WHY would someone claim only partial allowance when they can claim full 100%? This becomes more puzzling when that individual cannot even claim any other allowance over that remaining cost(which was not set-off against FYA).May 2, 2020 at 10:52 am
Sir am also curious to know the answer to thisMay 2, 2020 at 10:59 am
sir?May 4, 2020 at 12:02 pm
Apologies for delay – I had somehow missed this question.
I thought that I had discussed restricting the CA claim in the lectures but once again apologies if that is not the case.
A taxpayer may claim whatever amount of AIA, WDA or FYA that they choose – the reason an individual trader may do this would for example be to avoid wasting their PA – an individual had an adjusted trading profit BEFORE deducting CA of £20,000 and had no other income for the tax year.
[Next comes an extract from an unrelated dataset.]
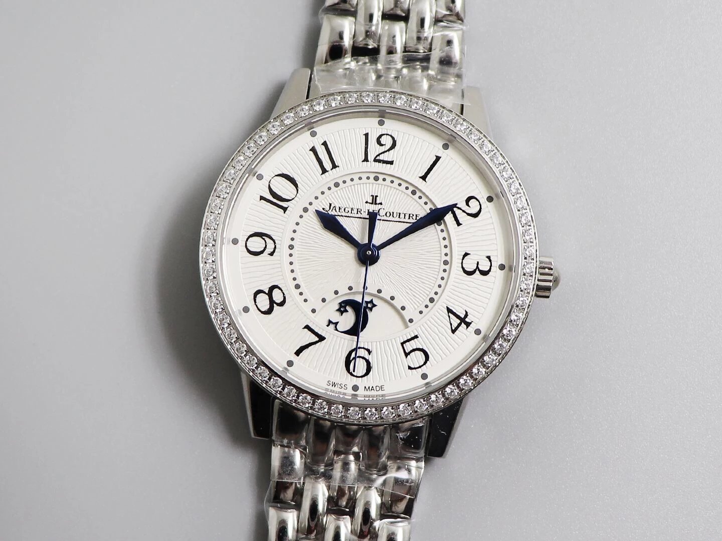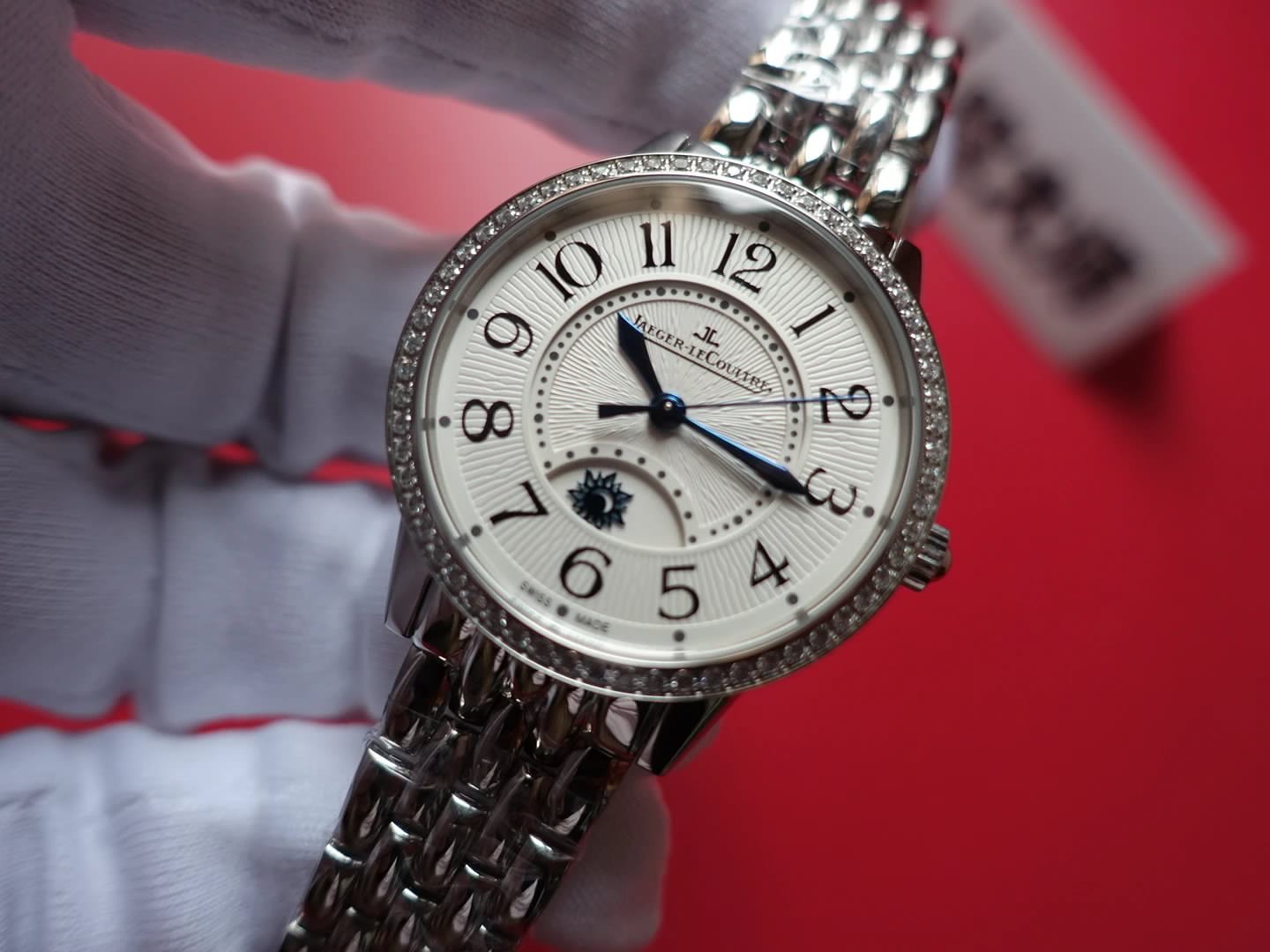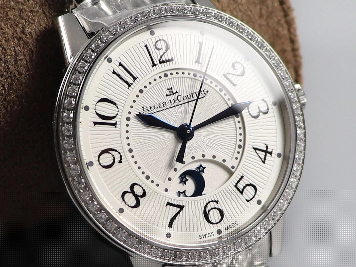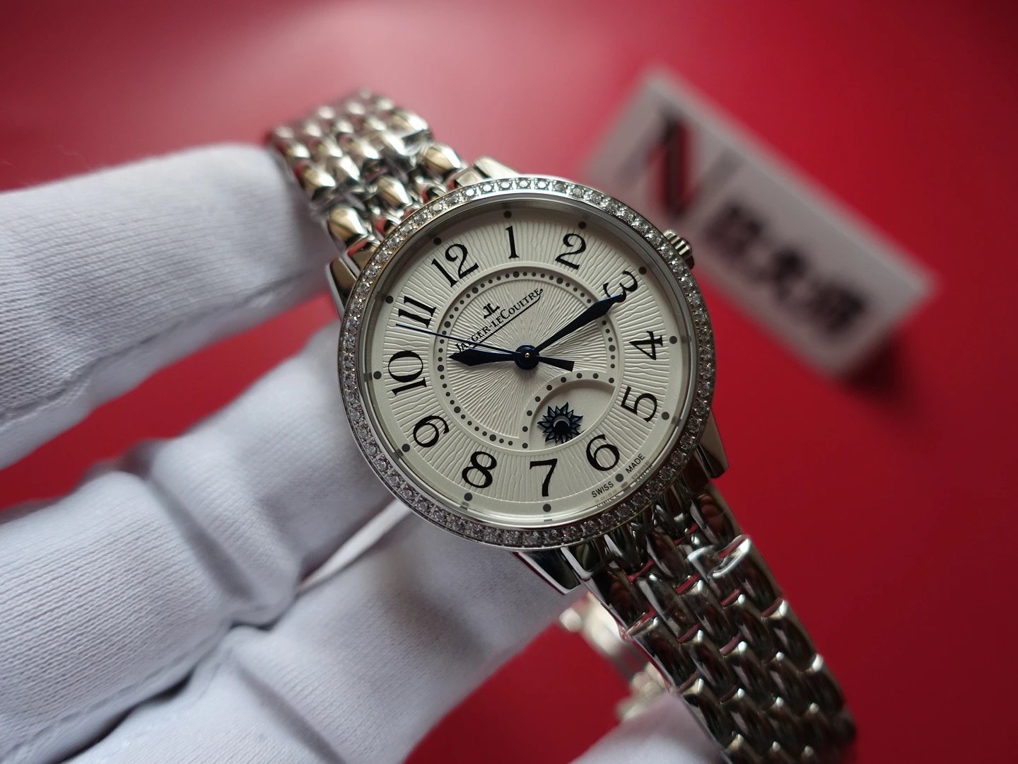 這款積家約會腕表的表鏡為藍寶石鏡面,防刮防磨,非常通透。花體阿拉伯數字時標,採用油壓印刷,對於這種技術並不簡單,因為印出來的效果要有立體感,對著光要有油亮感,而且不允許存在毛刺、段點,一目了然,字體設計高貴優雅。

The maximum CA available for the accounting period is £15,000.
If the full CA claim was made the tax adjusted trading profit would be only £5,000 (20,000 – 15,000) and as this is less than the PA of £12,500 then £7,500 of the PA would be wasted – better therefore to restrict the CA claim to an amount that will reduce the taxpayer’s income to £12,500 and carry forward a higher tax wdv on the pool which will be eligible for CA in the future, whereas if a PA is unused it is wasted!
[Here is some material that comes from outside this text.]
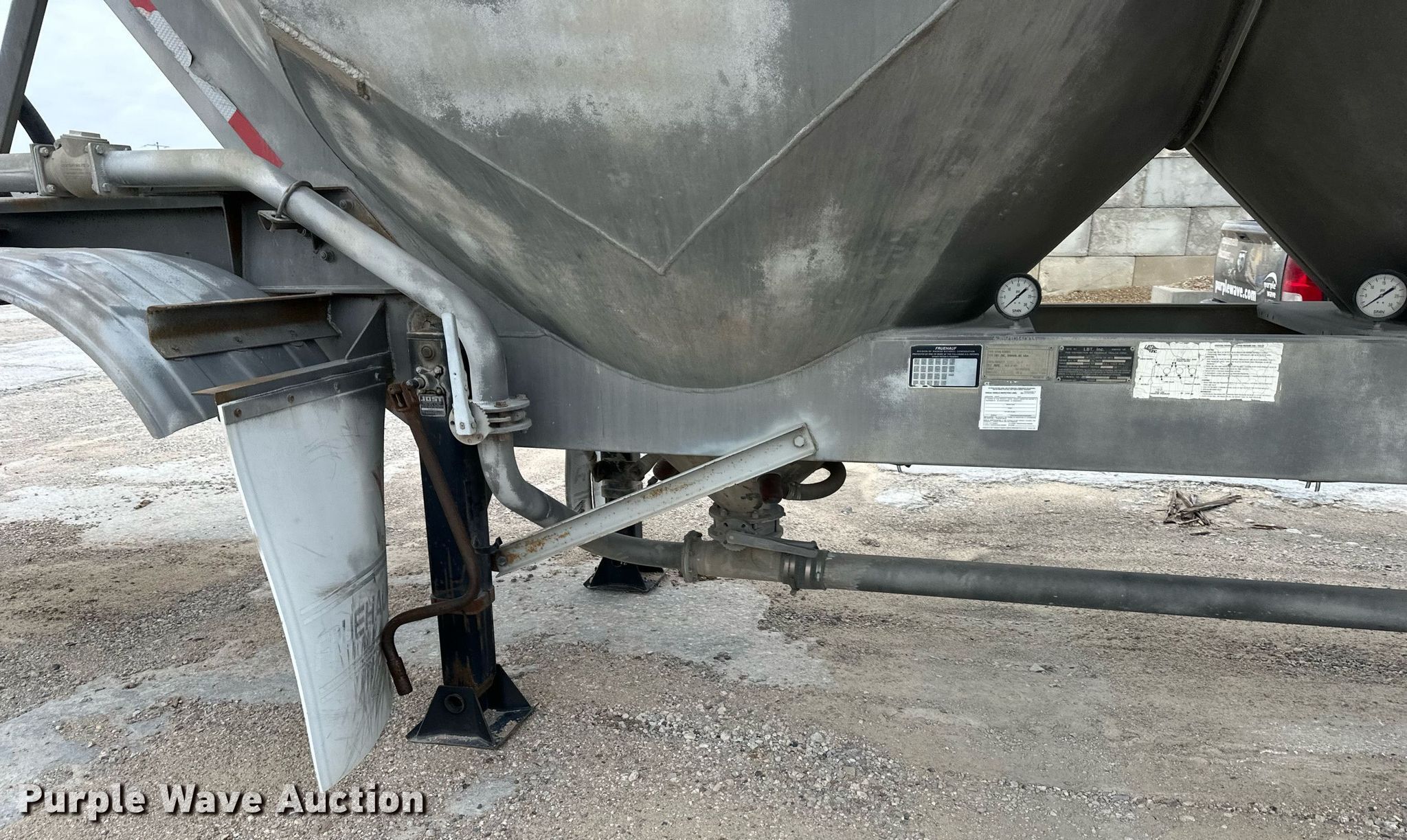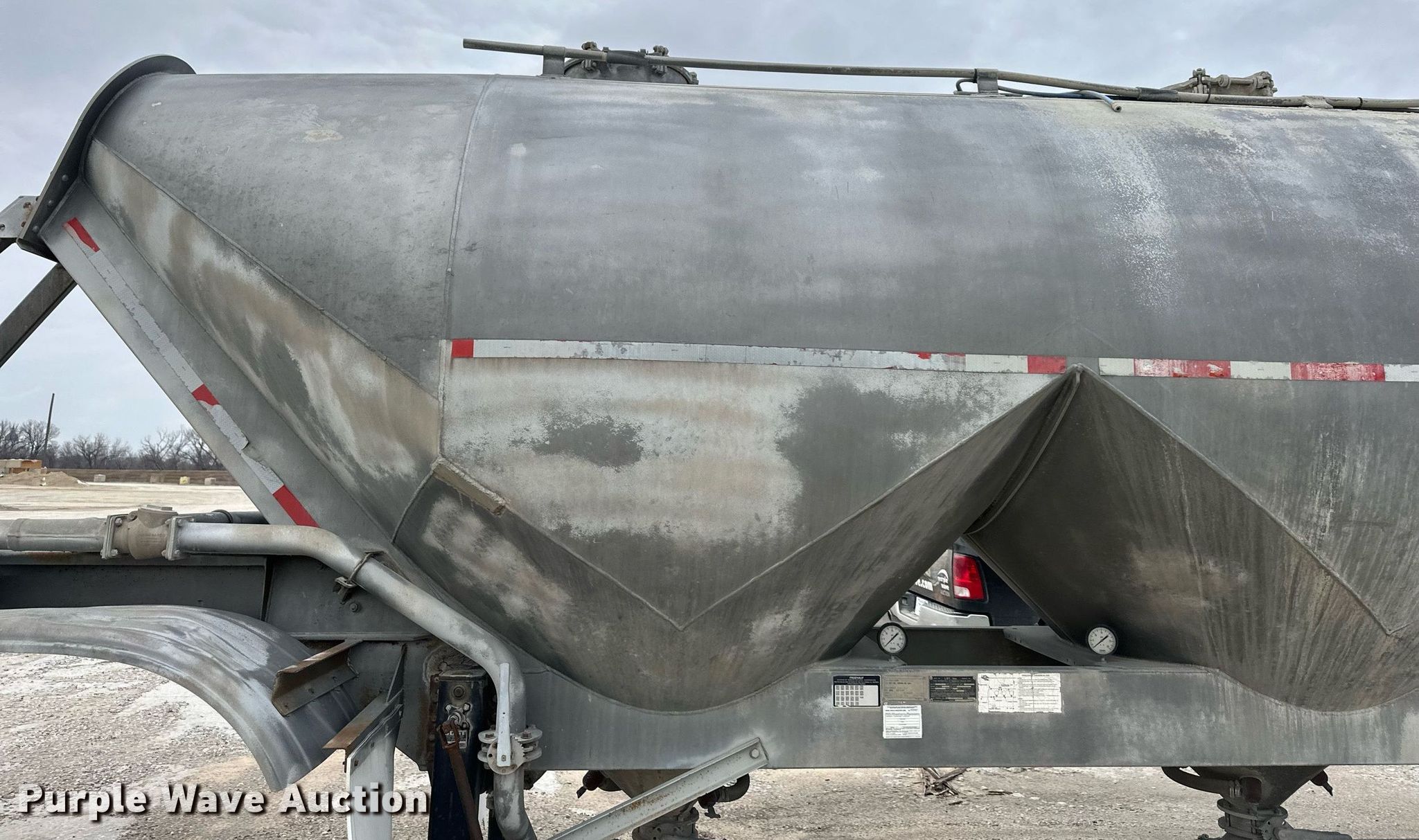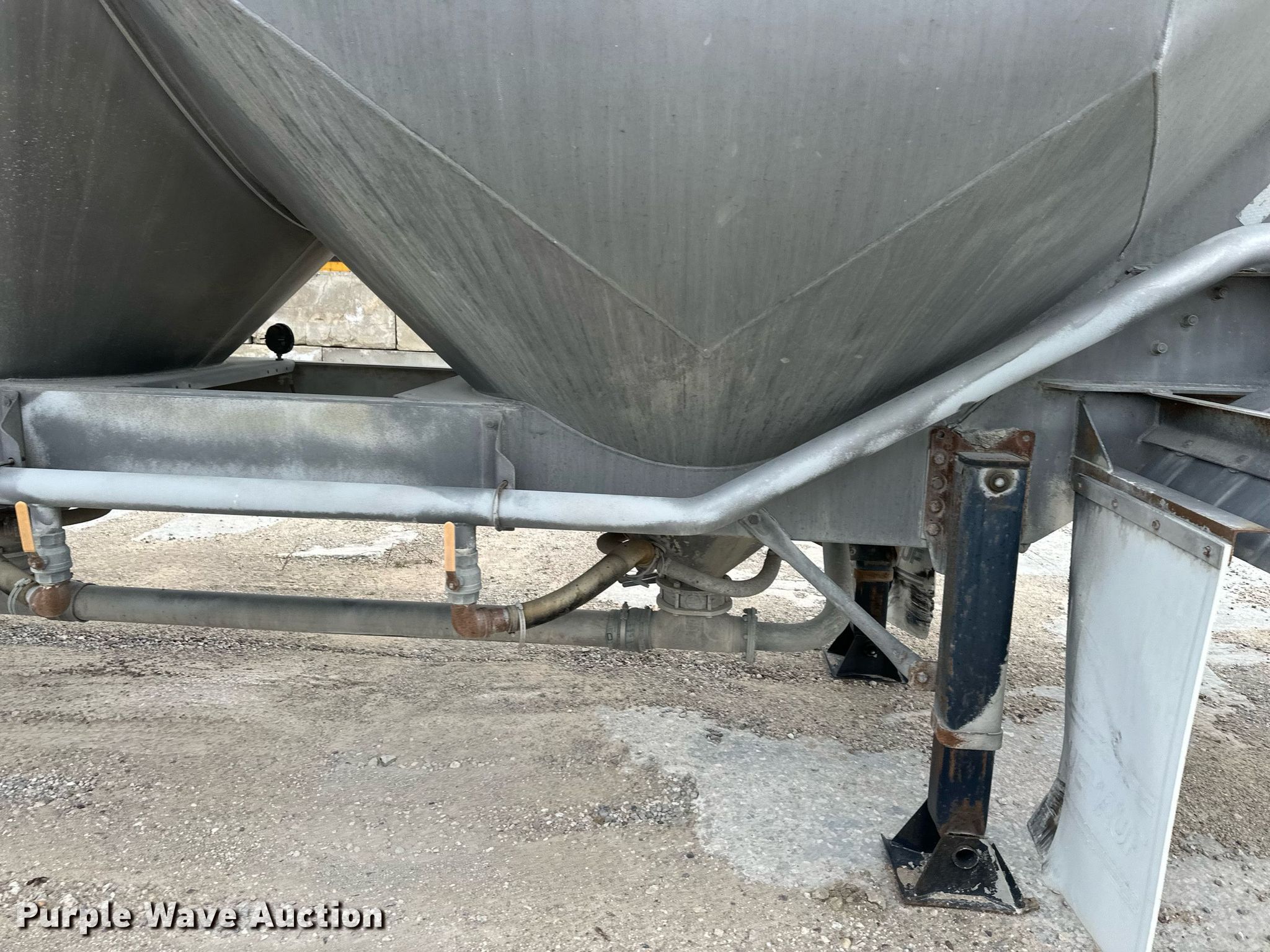 1998 Fruehauf HAB-HE2-J1000 pneumatic dry bulk trailer. VIN: 4J8B04221WT014003. Dimensions Overall: 42' L x 102" W. Features Tank type: Aluminum, Compartments: 3, Outlet valves: 1 Size: 4", No. of manways/manholes: 3. Chassis Landing gear: Dual, Suspension: Air, Brakes: Air, Axles: Tandem, GVWR: 68,000 lbs, GAWR: 20,000 lbs. Tires Steel wheels, Size: 11R22.5. Kansas title. Title distribution may be delayed up to 14 days from verification of funds. The Monarch Cement Company (Kansas Sand & Concrete). Topeka, KS 66608

In respect of your other point about not claiming any other allowance on the FYA expenditure remember the order in which the CA are claimed – AIA, WDA, and only finally FYA. Think logically about your question as well – if you do not want all of the FYA why would you want to claim any other allowance on the expenditure!May 5, 2020 at 7:34 am
Got it! thanks for the brilliant answer sir:))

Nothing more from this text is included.